I have removed some parts from the docker-compose for easier readability.
Modify this part go run myapplication with the CMD of your golang image.
See Controlling startup order for more on this problem and strategies for solving it.
Another issue that will rise after you solve the connection issue will be as the following:
Setting MYSQL_USER with root value will cause a failure in MySQL with this error message:
ERROR 1396 (HY000) at line 1: Operation CREATE USER failed for 'root'#'%'
This is because this user already exist in the database and it tries to create another. if you need to use the root user itself you can use only this variable MYSQL_ROOT_PASSWORD or change the value of MYSQL_USER so you can securely use it in your application instead of the root user.

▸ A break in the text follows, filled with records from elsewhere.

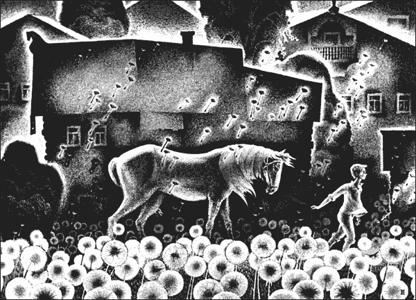 62. Одуванчики. Из серии «Вологодская деревня». 1977. Бумага, тушь, перо. 40x59.
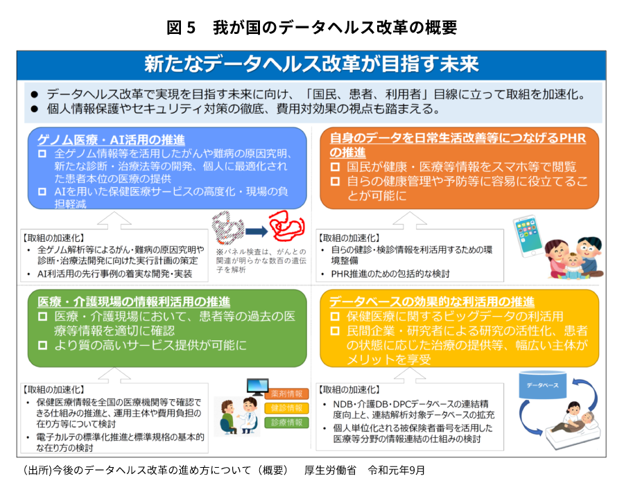 我が国も将来的には健康・医療情報プラットフォームの整備、利活用が期待できる。我が国のデータヘルス改革では、図5に示すように、EHRに相当する医療・介護現場の情報利活用の推進やPHRの推進、研究のためのデータベースの活用やAI活用の推進などが進められている。加えて、健康・医療情報の標準化や個人の医療IDとして個人単位化された被保険者番号による情報連携なども検討されている。将来的にこの取り組みが実現すれば、我が国が医療・情報プラットフォームの先進国の一員になることも期待できるだろう。
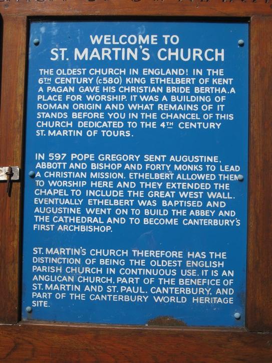 When we entered Canterbury we came first not to the cathedral but to St Martin’s church. St Martin’s is the oldest church in continuous use in the English speaking world. This church was already old when Augustine came to Canterbury in 597 a.d. In 580 it was set up as a church in a former Roman building, for the Christian wife of the king of Kent.
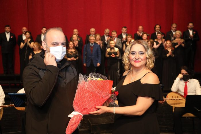 Atakum Belediye Başkanı Av. Cemil Deveci de konserin son şarkısı olan “Bahçaya Gel Göreyim” eserinde sahneye çıkarak koroya eşlik etti.
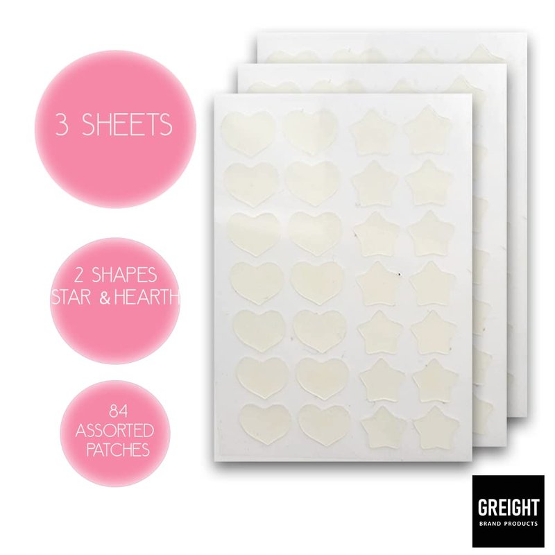 GREIGHT BRAND PRODUCTS Hydrocolloid Acne Pimple Patch Heart and Star Shape 84 Patches - Acne Treatment For Breakout, Conceals Acne, Reduces Pimples and Blackheads
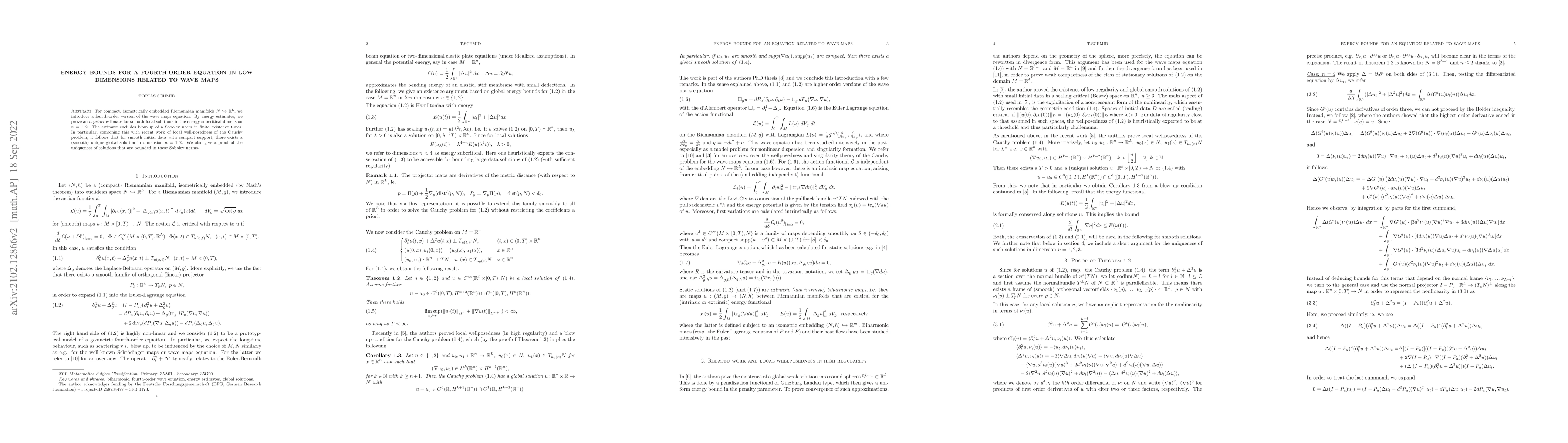For compact, isometrically embedded Riemannian manifolds $ N \hookrightarrow \mathbb{R}^L$, we introduce a fourth-order version of the wave map equation. By energy estimates, we prove an $\textit{a priori}$ estimate for smooth local solutions in the energy subcritical dimension $ n = 1,2$. The estimate excludes blow-up of a Sobolev norm in finite existence times. In particular, combining this with recent work of local well-posedness of the Cauchy problem, it follows that for smooth initial data with compact support, there exists a (smooth) unique global solution in dimension $n = 1,2$. We also give a proof of the uniqueness of solutions that are bounded in these Sobolev norms.
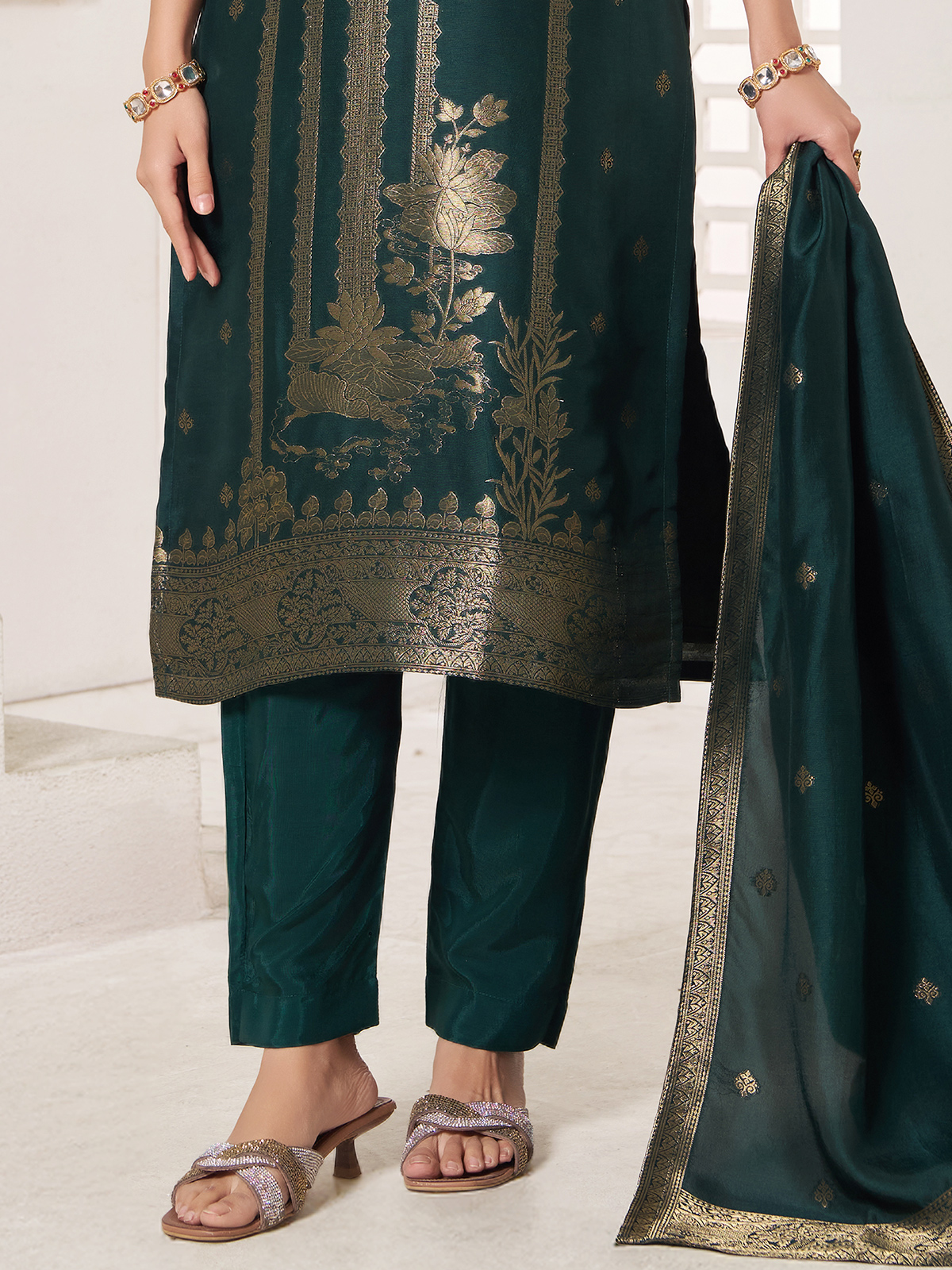 Green Silk Salwar Suit Enhanced With Shimmering Zari Work
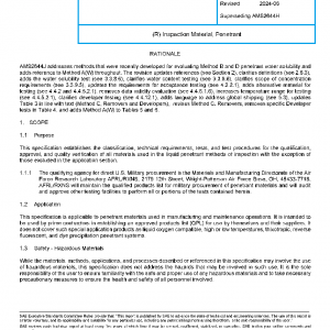 This specification establishes the classification, technical requirements, tests, and test procedures for the qualification, approval, and quality verification of all materials used in the liquid penetrant methods of inspection with the exception of those excluded in the application section.
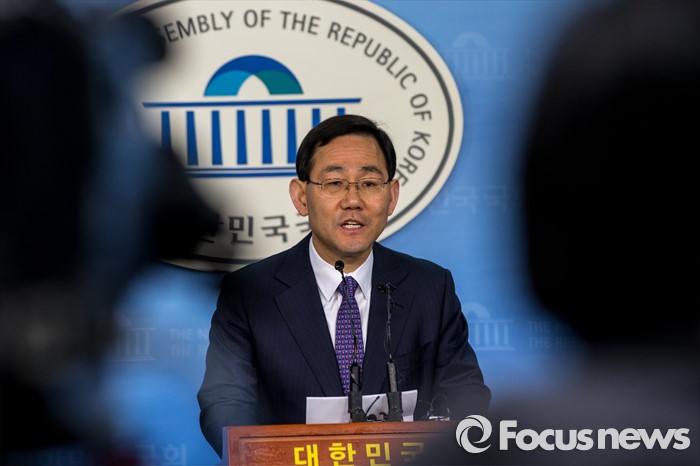 (서울=포커스뉴스) 20대 총선에서 새누리당 공천을 받지 못한 주호영(대구 수성을) 의원이 24일 오전 서울 영등포구 국회 정론관에서 무소속 출마 발표를 하고 있다.
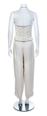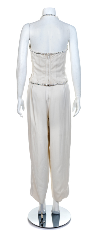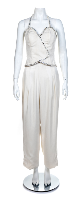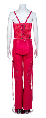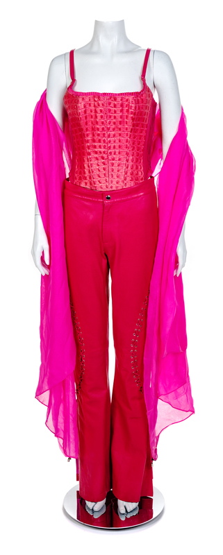 Both ensembles are made with a boned and trousers. The pink leather ensemble is made of a bustier, trousers, scarf and hat. The white ensemble is made of a bustier and wide trousers. White ensemble: J&M Costumers HollywoodPink ensemble: LSO DesignBoth ensembles were worn by Natalie Cole. The pink ensemble was worn twice in 2004: to "The Apollo at 70: A Hot Night in Harlem at The Apollo Theater" in New York and to the "11th Annual Race to Erase Multiple Sclerosis" benefit in Los Angeles. Worn by Natalie Cole
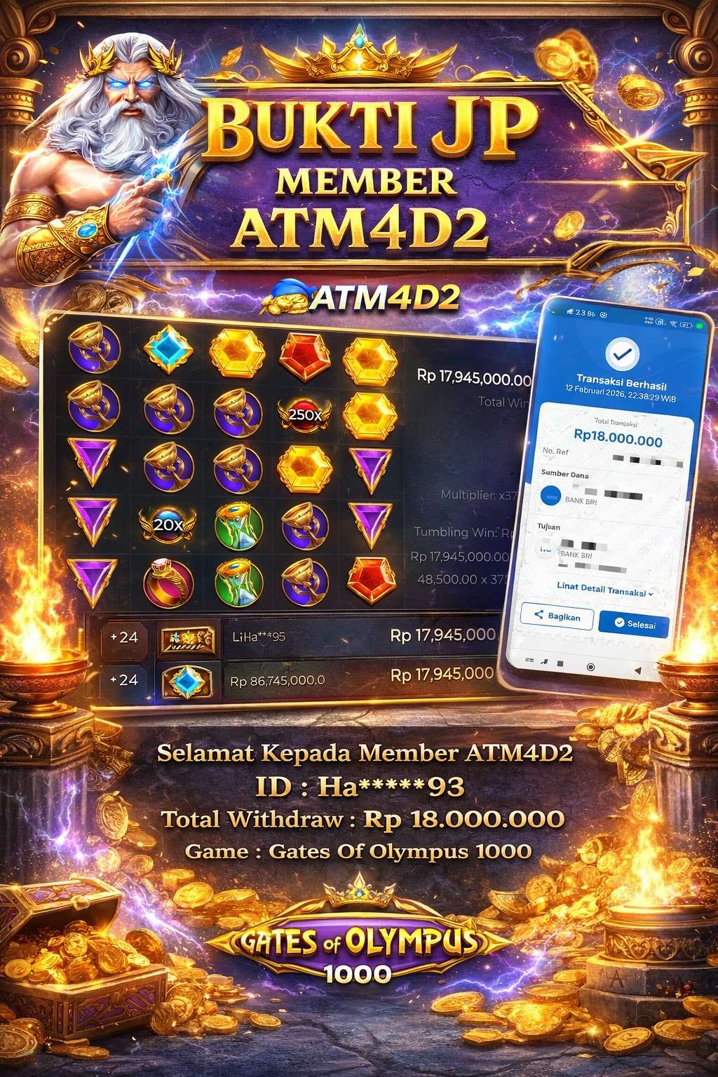 ATM4D2 dikenal sebagai situs terpercaya yang selalu menghadirkan pengalaman bermain slot online yang aman, fair, dan berlisensi resmi. Di sini, kami tidak hanya sekadar memberikan janji, tapi bukti nyata berupa slip kemenangan yang dapat Anda lihat secara langsung.

Update: In case you are getting not found and the path was correct, you might need to write the command as below:
command: sh -c "./wait-for mysql:3306 -- go run myapplication"
First, if you are using latest version of docker compose you don't need the link argument in you app service. I quote the docker compose documentation Warning: The --link flag is a legacy feature of Docker. It may eventually be removed. Unless you absolutely need to continue using it, https://docs.docker.com/compose/compose-file/#links
I think the solution is to use the networks argument. This create a docker network and add each service to it.
Try this
version: "2"
services:
app:
container_name: golang
restart: always
build: .
ports:
- "49160:8800"
networks:
- my_network
depends_on:
- "mysql"
mysql:
image: mysql
container_name: mysql
volumes:
- dbdata:/var/lib/mysql
restart: always
networks:
- my_network
environment:
- MYSQL_ROOT_PASSWORD=root
- MYSQL_DATABASE=testDB
- MYSQL_USER=root
- MYSQL_PASSWORD=root
ports:
- "3307:3306"
volumes:
dbdata:
networks:
my_network:
driver: bridge
By the way, if you only connect to Mysql from your app service you don't need to expose the mysql port. If the containers runs in the same network they can reach all ports inside this network.
If my example doesn't works try this
run the docker compose and next go into the app container using
docker container exec -it CONTAINER_NAME bash
Install ping in order to test connection and then run ping mysql.